EXERCISE REQUIREMENTS ->
For the data below, retype word for word the lines from the one containing "男性向けラノベタイトル風あだ名 | 『この素晴らしい世界にしずまを!』 |" through the one containing "يستحضر هذا الفستان"; drop the pictures.

MATERIAL FOR THIS EXERCISE ->
---------------
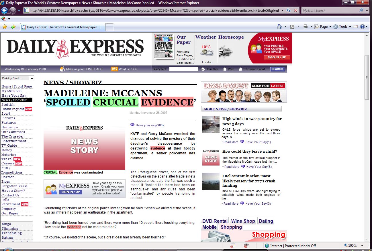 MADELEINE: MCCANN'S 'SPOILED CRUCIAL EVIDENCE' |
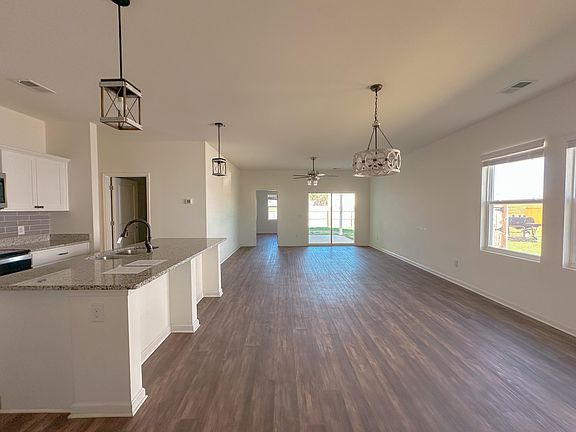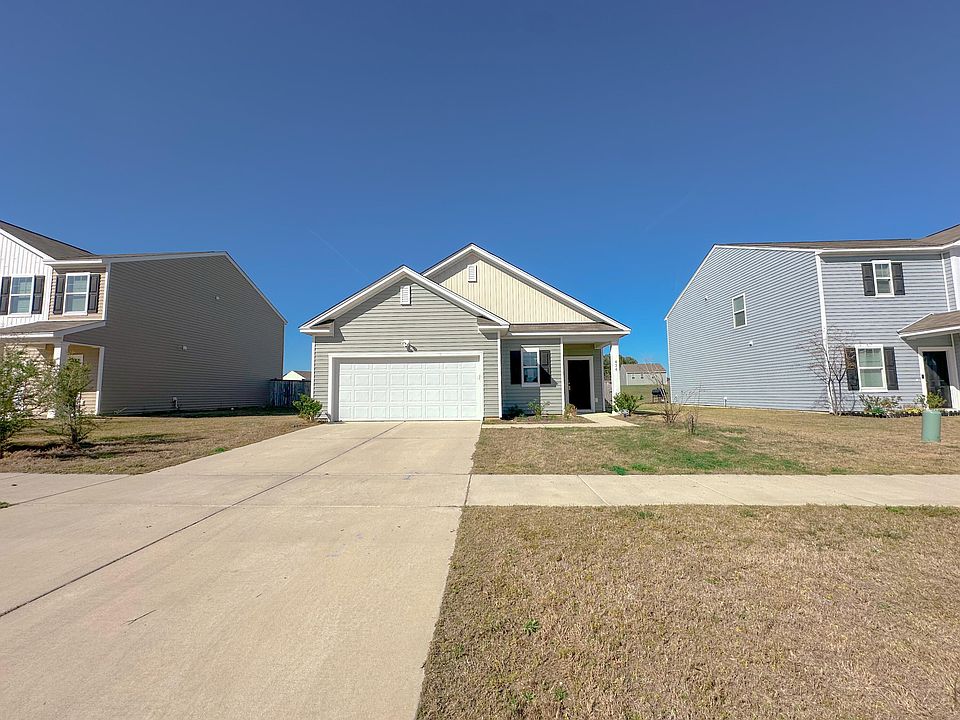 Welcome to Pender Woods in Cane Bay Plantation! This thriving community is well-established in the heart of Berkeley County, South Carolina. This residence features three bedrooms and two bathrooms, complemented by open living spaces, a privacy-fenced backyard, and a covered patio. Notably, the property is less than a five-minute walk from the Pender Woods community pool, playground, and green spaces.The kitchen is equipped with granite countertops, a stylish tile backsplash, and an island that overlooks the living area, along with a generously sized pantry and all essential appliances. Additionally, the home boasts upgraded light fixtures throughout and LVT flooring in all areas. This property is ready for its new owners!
---------------
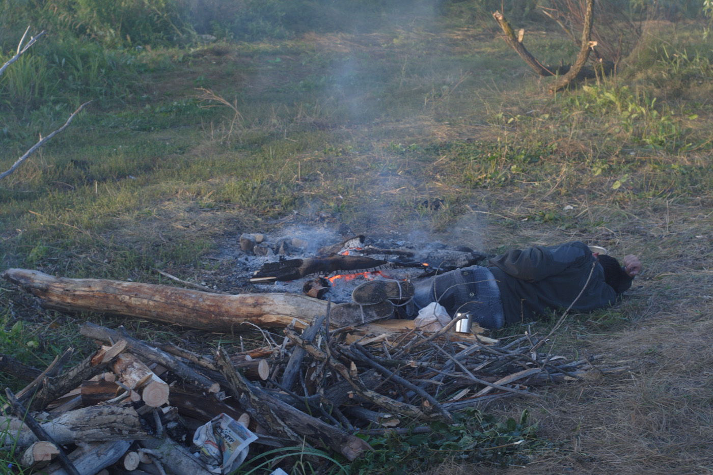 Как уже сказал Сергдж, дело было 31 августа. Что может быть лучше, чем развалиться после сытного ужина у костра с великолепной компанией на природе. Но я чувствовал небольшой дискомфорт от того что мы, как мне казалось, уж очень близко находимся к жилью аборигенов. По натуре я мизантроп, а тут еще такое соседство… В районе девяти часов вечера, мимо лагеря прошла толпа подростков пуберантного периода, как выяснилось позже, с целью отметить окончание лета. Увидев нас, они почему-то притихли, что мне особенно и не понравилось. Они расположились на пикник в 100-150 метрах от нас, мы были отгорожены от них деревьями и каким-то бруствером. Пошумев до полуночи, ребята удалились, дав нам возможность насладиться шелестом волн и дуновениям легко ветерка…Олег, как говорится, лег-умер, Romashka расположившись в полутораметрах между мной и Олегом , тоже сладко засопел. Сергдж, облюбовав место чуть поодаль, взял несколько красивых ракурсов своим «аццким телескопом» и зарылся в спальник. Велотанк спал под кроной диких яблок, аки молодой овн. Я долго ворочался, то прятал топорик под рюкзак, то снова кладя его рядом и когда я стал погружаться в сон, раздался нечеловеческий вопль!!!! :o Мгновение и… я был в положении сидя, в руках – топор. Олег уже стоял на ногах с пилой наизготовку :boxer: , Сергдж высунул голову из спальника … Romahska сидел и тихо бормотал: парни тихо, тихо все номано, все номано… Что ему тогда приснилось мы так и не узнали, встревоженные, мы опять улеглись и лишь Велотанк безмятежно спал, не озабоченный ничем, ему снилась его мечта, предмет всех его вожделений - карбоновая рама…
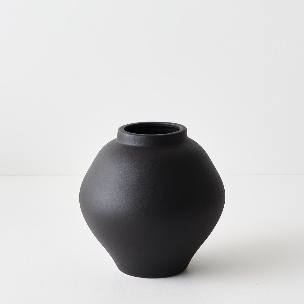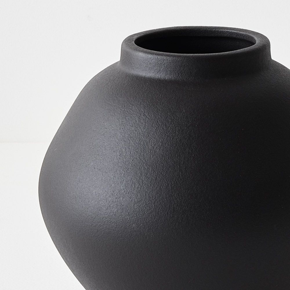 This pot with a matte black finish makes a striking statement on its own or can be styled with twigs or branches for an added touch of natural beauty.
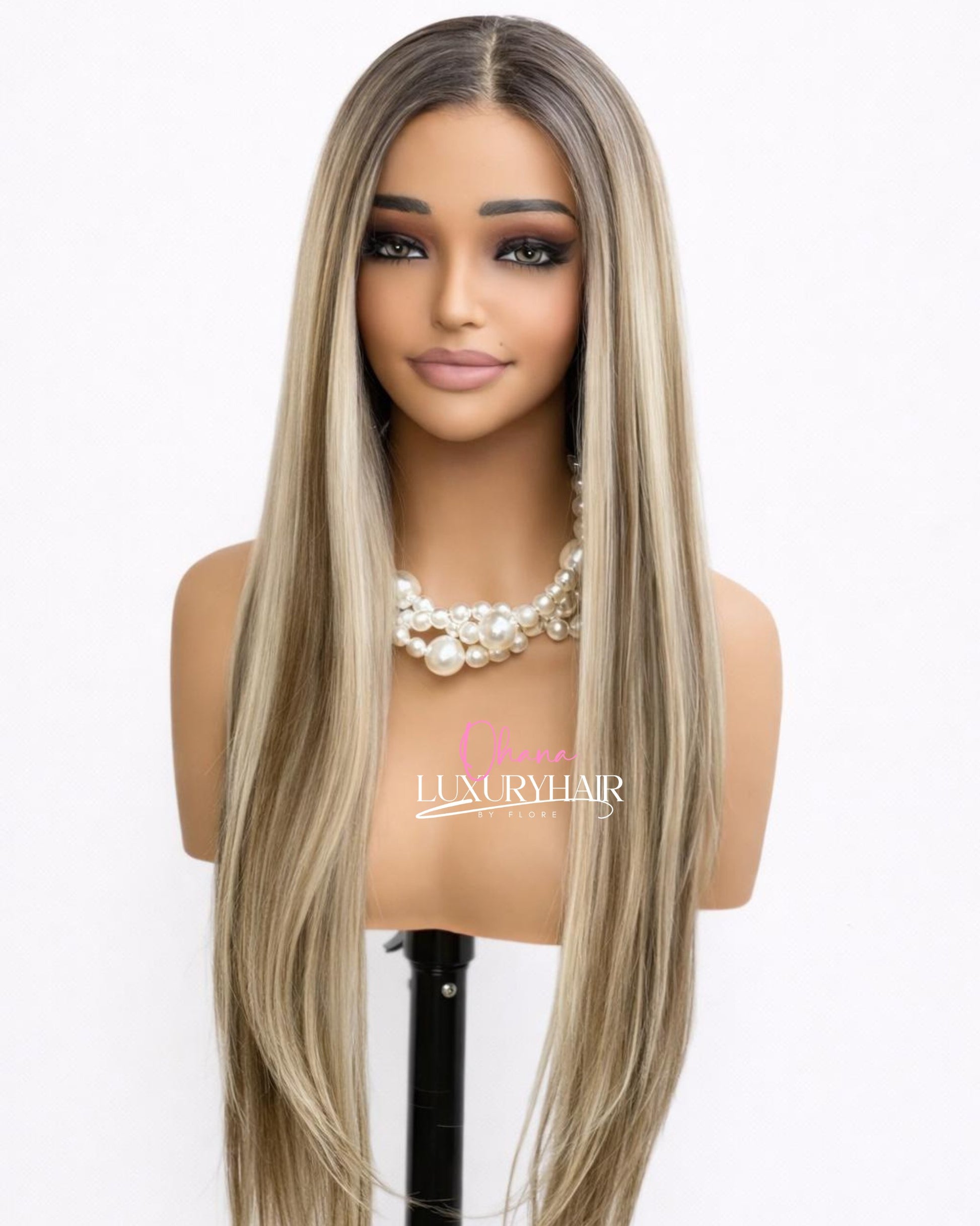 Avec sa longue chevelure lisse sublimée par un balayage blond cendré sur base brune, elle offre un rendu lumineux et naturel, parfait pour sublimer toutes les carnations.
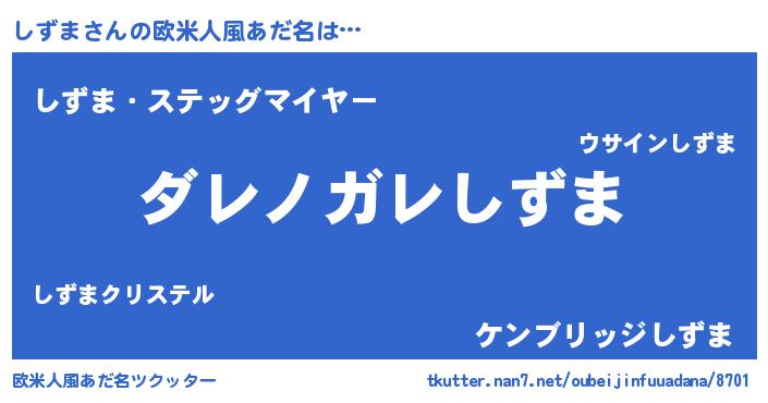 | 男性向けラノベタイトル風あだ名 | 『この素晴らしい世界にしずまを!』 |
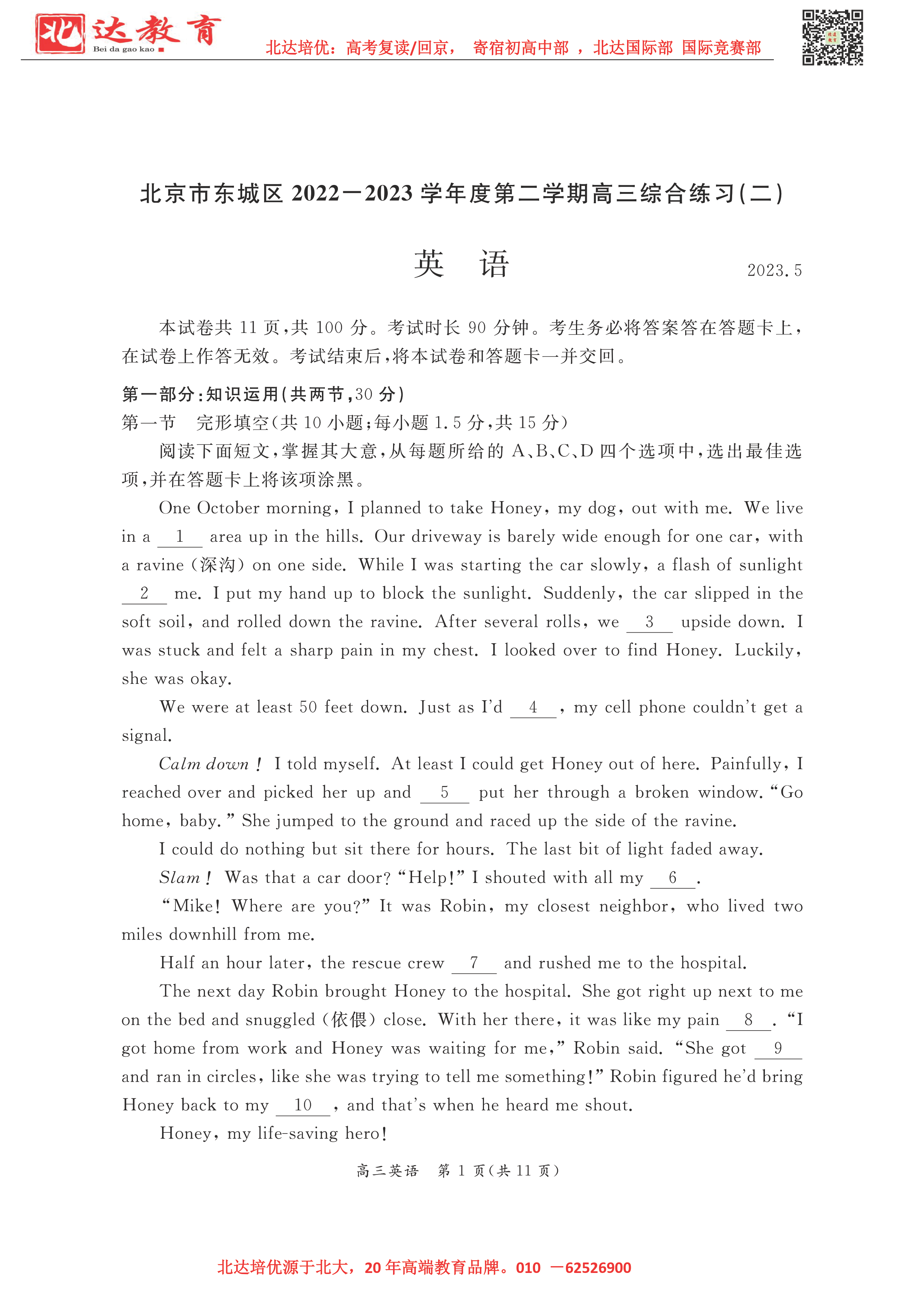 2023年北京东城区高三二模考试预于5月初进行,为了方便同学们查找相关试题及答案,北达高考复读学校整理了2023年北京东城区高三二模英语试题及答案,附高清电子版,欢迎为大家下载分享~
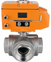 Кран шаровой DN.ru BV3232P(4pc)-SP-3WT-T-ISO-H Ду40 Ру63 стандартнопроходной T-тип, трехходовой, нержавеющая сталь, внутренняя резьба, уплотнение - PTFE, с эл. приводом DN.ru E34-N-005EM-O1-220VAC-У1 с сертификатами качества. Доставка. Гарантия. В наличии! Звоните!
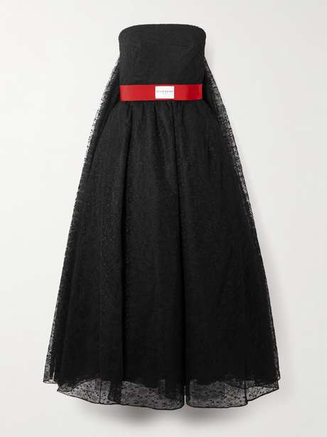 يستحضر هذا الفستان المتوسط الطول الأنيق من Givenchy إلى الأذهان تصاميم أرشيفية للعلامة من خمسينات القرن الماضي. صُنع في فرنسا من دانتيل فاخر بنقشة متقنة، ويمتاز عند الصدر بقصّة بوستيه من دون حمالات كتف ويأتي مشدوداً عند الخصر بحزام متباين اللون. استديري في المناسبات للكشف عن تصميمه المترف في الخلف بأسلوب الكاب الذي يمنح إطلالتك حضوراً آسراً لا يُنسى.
---------------
EXERCISE RESPONSE ->
 | 男性向けラノベタイトル風あだ名 | 『この素晴らしい世界にしずまを!』 |
 2023年北京东城区高三二模考试预于5月初进行,为了方便同学们查找相关试题及答案,北达高考复读学校整理了2023年北京东城区高三二模英语试题及答案,附高清电子版,欢迎为大家下载分享~
 Кран шаровой DN.ru BV3232P(4pc)-SP-3WT-T-ISO-H Ду40 Ру63 стандартнопроходной T-тип, трехходовой, нержавеющая сталь, внутренняя резьба, уплотнение - PTFE, с эл. приводом DN.ru E34-N-005EM-O1-220VAC-У1 с сертификатами качества. Доставка. Гарантия. В наличии! Звоните!
 يستحضر هذا الفستان المتوسط الطول الأنيق من Givenchy إلى الأذهان تصاميم أرشيفية للعلامة من خمسينات القرن الماضي. صُنع في فرنسا من دانتيل فاخر بنقشة متقنة، ويمتاز عند الصدر بقصّة بوستيه من دون حمالات كتف ويأتي مشدوداً عند الخصر بحزام متباين اللون. استديري في المناسبات للكشف عن تصميمه المترف في الخلف بأسلوب الكاب الذي يمنح إطلالتك حضوراً آسراً لا يُنسى.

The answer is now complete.